Tungsten alloy is a composite material with tungsten as the hard phase and transition metals such as copper, nickel and iron as the binder phase. Tungsten alloy is widely used in aerospace, electronics, nuclear industry and defense industry due to its high strength and hardness, low thermal expansion coefficient, corrosion resistance and good radiation shielding. However, the high hardness, high melting point and room temperature brittleness of tungsten make it difficult to form tungsten alloy by traditional machining process. At present, it is mainly prepared by sintering process. However, the process has the disadvantages of long production time, high cost and inability to form parts with complex shapes, which limits the application of tungsten alloy. Laser direct deposition, as an additive manufacturing technology, has the advantages of short forming time, low cost, no need for molds and the ability to form parts with complex shapes. It is expected to replace some traditional sintering processes in the future and become a new technology for preparing tungsten alloy parts.
(1) The optimal process parameters were obtained by studying the influence of laser deposition process parameters on the microstructure, density and tensile properties of 60W40Cu alloy thin-walled parts. On this basis, the microstructure defects were reduced by increasing the W content and adding the activation element Ni. The results show that the W particles in the 60W40Cu alloy deposition layer are unevenly distributed, and more W particles are gathered on the outer surface of the deposition layer.

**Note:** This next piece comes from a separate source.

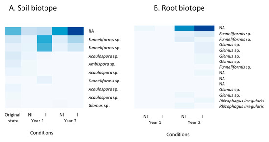 Heatmap representation based on the abundance of the 10 and 15 most-represented ASVs from the 18S rRNA gene data set identified in the rhizospheric soil (A) and root (B) biotopes, respectively. NI: non-inoculated; I: inoculated; NA: non-assigned.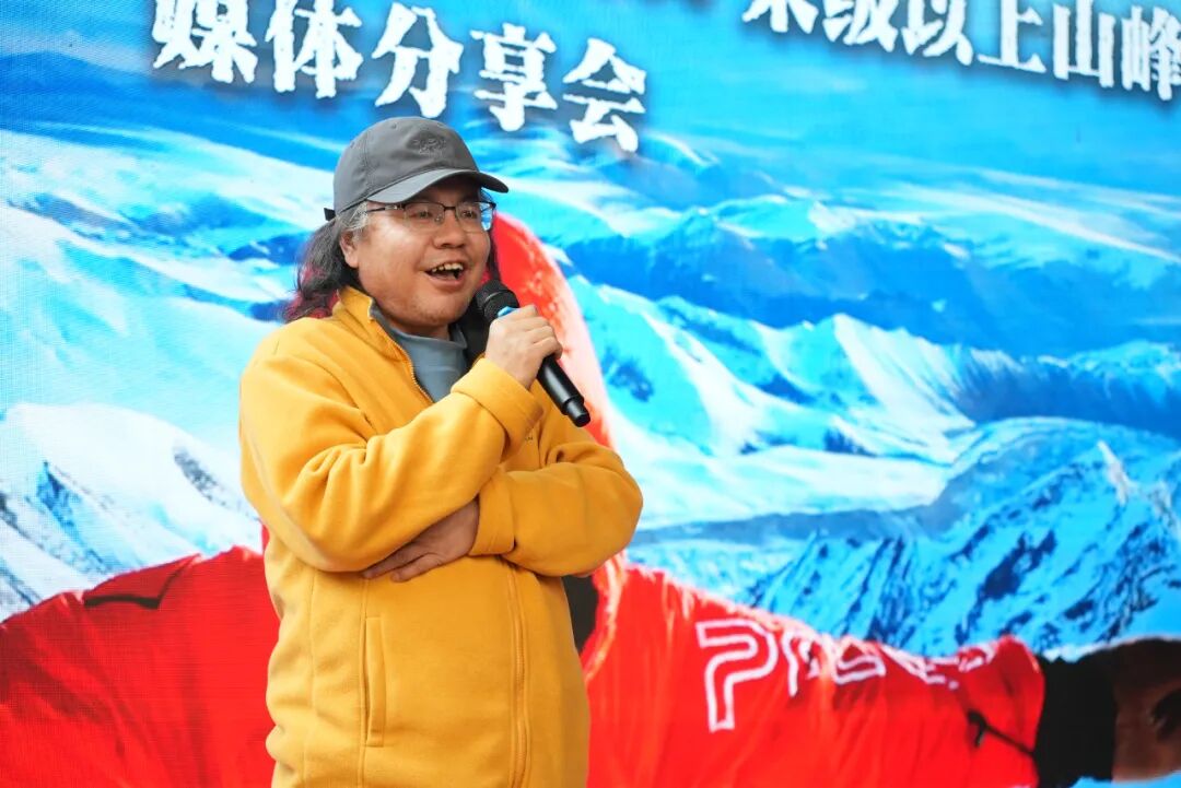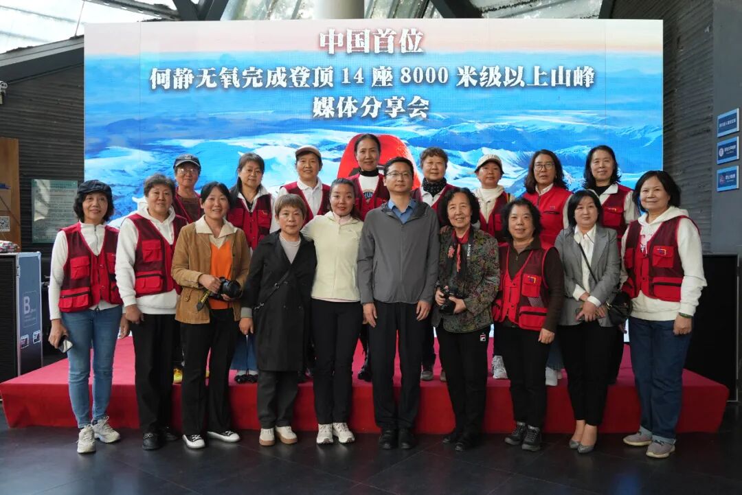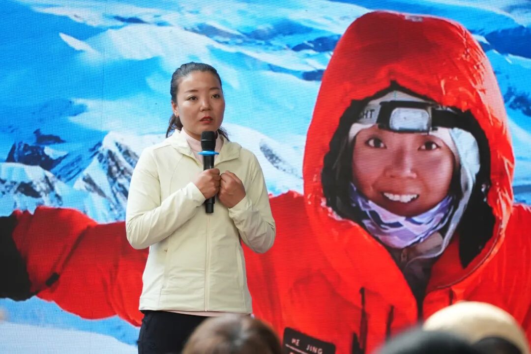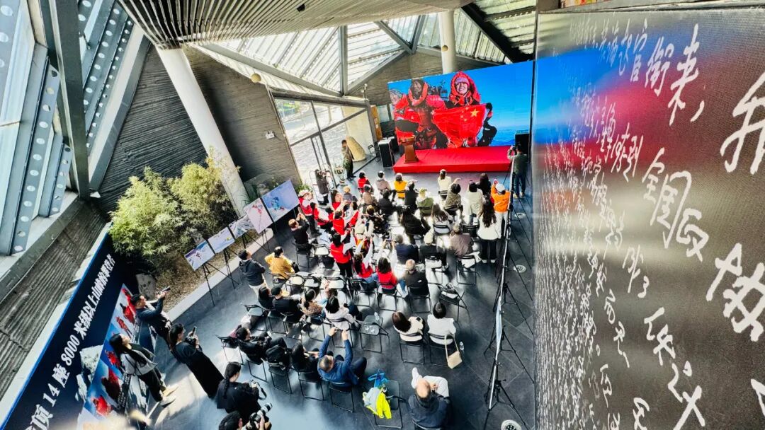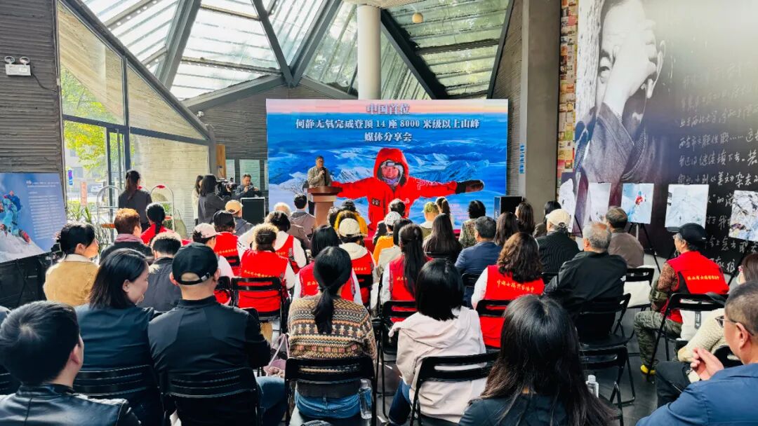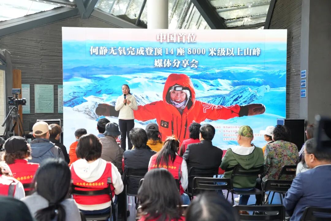 中国首位无氧完成登顶14座8000米以上山峰的攀登者何静媒体分享会现场。

At a scanning speed of 2mm/s, many residual pores caused by the aggregation of W particles are easily formed in the interlayer bonding area of the thin-walled parts, resulting in a lower density than that at 3mm/s, and also reducing the tensile strength. Increasing the W content or adding the activation element Ni can promote the uniform distribution of W particles and improve the density of the structure, but the promotion effect of Ni is more significant, and it can also significantly improve the tensile strength. (2) Based on the geometric profile of the W-Cu powder beam and the flight speed of the powder particles measured by high-speed photography, combined with the nozzle structure, a numerical model of the interaction between the laser and the powder beam was established. The calculation results show that due to the large difference in the absorption rate of W and Cu to the laser, there is a huge temperature difference between the two. When the laser power is increased from 100W to 900W, the temperature of the Cu particle at the center of the spot on the substrate surface only increases from 317K to 535K, and the temperature rise is small and far below its melting point. In contrast, the temperature of W particles can rise from 654K to 3538K, with a larger temperature rise.
(3) Based on the morphological change process of the W-Cu melt pool observed by high-speed photography, a two-phase flow (W-Cu deposition layer and air)-fluid dynamics model is established. The simulation results show that when the surface temperature of the substrate rises to its melting point under laser irradiation, W and Cu powder particles begin to deposit on the substrate surface. However, since the W-Cu composite has a lower laser absorption rate than the substrate and a larger thermal diffusion coefficient than the substrate, the temperature drops. Subsequently, under the continuous irradiation of the laser, the temperature of the deposition layer gradually rises to above the melting point of Cu and forms a melt pool. Finally, when the laser irradiation ends, the molten Cu cools and solidifies rapidly at a cooling rate of about 104K/s.
(4) A three-phase flow (W, Cu and air)-fluid dynamics model is established for the transient motion process of particles at a more microscopic level involved in laser direct deposition. The simulation results show that the surface tension σCu-W between W and Cu is balanced with the inertial force of the W particles falling, thus preventing the falling W particles from completely sinking into the molten pool, and finally making the W particles float on the surface of the molten pool. When Cu particles fall on W particles on the surface of the molten pool, they absorb heat from W particles and melt under the action of laser irradiation, and finally flow into the molten pool. With the accumulation of time, the number of W particles floating on the surface of the molten pool will gradually increase, which explains why W particles in the 60W40Cu deposition layer are aggregated on the outer surface of the deposition layer.
(5) The optimal process parameters were obtained by studying the influence of laser process parameters on the microstructure and properties of 85W15Ni high-density tungsten alloy thin-walled parts. The results show that the increase of laser volume energy density is conducive to improving the density of the sample and reducing residual pores. When the laser volume energy density reaches 380J/mm3 or above, the densification curve tends to be stable, and the density is basically stable in the range of 95%~97%. When the laser volume energy density is 395J/mm3, the tensile strength and elongation of the sample reach the highest. Too high laser energy density will promote the mutual adhesion of W particles or W dendrites, forming more fragile W-W interfaces, reducing the tensile strength and elongation. The laser direct deposition process of tungsten alloy reveals the mechanism of action of laser and powder beam, optimizes the organization and performance, and lays the foundation for the future application of laser direct deposition technology in the preparation of tungsten alloy.